Он откинул плечи назад и занялся дыханием йоги, развивающим грудную клетку и одновременно регулирующим нервы.
Когда он одевался, слабость привела к легкому головокружению. Оно встревожило его, пока он не осознал, что его новое тело просто голодно. Он спустился на кухню, взял синтетические яйца, масло и, пока они жарились, пошел к факс-машине за газетой. Она опять была влажной и мятой. Он скомкал ее, вынул из машины служебную панель и, после минутного изучения, исправил повреждение. Через минуту он получил новый лист, ровный и сухой. Он принес его на кухню, как раз тогда, когда еда была готова.
Тевернер нашел, что высокопротеиновая пища плохо идет, даже с молоком: Хэл жил в основном на кашах.
Последующую тошноту он подавил несколькими минутами Пранаямы, подгоняя дыхание к неадэкватной системе, которую он унаследовал. Хотя это тело никогда не будет таким крепким, как бывшее, но он отнесется к нем} с тем же вниманием, с каким отнесся бы к недействущей машине.
Он бросил грязную тарелку и чашку в ликвидатор, когда мимо кухонного окна промчалась машина. Через несколько минут в кухню вошел Джервез Фаррел. Веки его тяжело набрякли, подбородок был сине-черным от щетины. Тевернер с любопытством посмотрел на него, удивляясь, как мало ненависти или каких-либо чувств он испытывает: единственный взгляд в вечность изменил многое.
— Сделай мне кофе, — сказал Фаррел, отводя глаза.
— Сейчас. — Тевернер включил кофеварку, пока Фаррел усаживался. Трудная ночь?
Фаррел осмотрел газету.
— Скажешь, что это выдала факс-машина?
— Э-э-э… да.
— О, господи.
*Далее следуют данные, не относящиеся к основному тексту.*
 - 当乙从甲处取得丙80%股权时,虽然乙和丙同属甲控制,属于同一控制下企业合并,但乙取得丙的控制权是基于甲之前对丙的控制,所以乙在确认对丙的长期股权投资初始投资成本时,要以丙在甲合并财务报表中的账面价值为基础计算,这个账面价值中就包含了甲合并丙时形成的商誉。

Значит это точно! — горько сказал Фаррел, глядя в газету.
— Что-нибудь не так? — спросил Тевернер, полный мрачных предчувствий.
— Поспеши с кофе.
— Что-то новое в военном положении?
Фаррел встретил вопрос с удивлением и, как ни странно, с благодарностью.
— Ты следишь за ним? Полагаю, ты собираешься выбить сиккенов с Завещания?
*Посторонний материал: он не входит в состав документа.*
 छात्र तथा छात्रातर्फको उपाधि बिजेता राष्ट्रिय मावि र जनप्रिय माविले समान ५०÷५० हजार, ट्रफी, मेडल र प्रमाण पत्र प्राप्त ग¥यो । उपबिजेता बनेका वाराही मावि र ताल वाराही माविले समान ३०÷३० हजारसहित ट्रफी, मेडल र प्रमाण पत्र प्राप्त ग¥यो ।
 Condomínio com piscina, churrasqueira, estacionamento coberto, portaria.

— Значит, они в этом районе?
Фаррел заколебался, но затем пожал плечами.
— Вообще-то, похоже, мы окружены.
— Похоже?
Тевернер чувствовал, что его тело отказывается повиноваться ему, но было уже поздно им заниматься.
— Это считается секретом, но уже повсюду началась паника. На прошлой неделе сиккены пытались ударить нас своим большим котлом. Он дает скорость в тридцать тысяч световых, и понадобился весь наш транслунный запас, чтобы остановить его. — Фаррел откинулся на стуле и неприятно улыбнулся. — Как вы анализируете ситуацию, генерал?
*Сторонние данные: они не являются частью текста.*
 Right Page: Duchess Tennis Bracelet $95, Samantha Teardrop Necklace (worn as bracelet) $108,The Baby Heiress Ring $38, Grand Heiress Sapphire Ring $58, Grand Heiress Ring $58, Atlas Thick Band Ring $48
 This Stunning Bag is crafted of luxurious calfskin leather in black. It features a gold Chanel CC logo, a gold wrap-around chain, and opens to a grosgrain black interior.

Тевернер был так потрясен, что не заметил сарказма.
— Либо им было уже известно, что штаб-квартира КОМсэка переведена сюда, либо мы сейчас известили их об этом.
— Отлично! — Фаррел посмотрел с чем-то вроде теплоты, но более заметным в его взгляде было замешательство. — Каков же следующий ход?
— Массовая эвакуация к звездам метрополий.
— На это нужно время, и есть осложняющий фактор: сиккены сделали большие успехи в подавлении тахионных эмиссий. Но мы поставили блуждающее эхо вокруг планеты. Частицы съели большую часть их энергии, и их скорость близится к бесконечности, так что мы не уверены, но возможно оболочки сиккенских кораблей окружили нас.
Три наших флота сразу же вышли, но им нужно шесть дней, чтобы добраться сюда с границы. Так что, если сиккены уже здесь…
Фаррел внезапно сник, выглядел усталым, утратившим интерес к игре в отца и сына.
— Тогда мы должны выйти и посмотреть.
Тевернер налил кофе в чашку и поставил на стол.
— Мы не можем увидеть их. На звездных расстояниях можно видеть только с помощью тахионов, а если сиккены научились подавлять их или абсорбировать частицы, испускаемые нашими тахионными радарами…
Тевернер был потрясен не только словами Фаррела, но и тем, что скрывалось за ними.
— Мне ясно, — медленно сказал он, — что КОМсэк устал… и испуган.
— А что ты думаешь об этом, тигр?
Фаррел отхлебнул кофе и с отвращением отодвинул чашку.
Тевернер начал было отвечать, но почувствовал, что щеки запылали наследие Хэла каким-то вывертом биологической логики поставило его в невыгодное положение.
Попытка управлять волной крови, хлынувшей в лицо, вызвала толчок к увеличению жара. Тевернер выскочил из кухни, сопровождаемый смехом Фаррела, и побежал обратно в свою спальню к телефону. Номер телефона университета хранился в памяти Хэла, и Тевернер быстро набрал его, пока его щеки остывали. Наконец женщина из психоисторического отдела сообщила ему, что Бетия Гренобль будет в университете только после обеда, а сейчас она занимается в библиотеке. Тевернер позвонил туда, и когда наконец Бетия подошла к телефону, к Тевернеру вернулось нормальное состояние.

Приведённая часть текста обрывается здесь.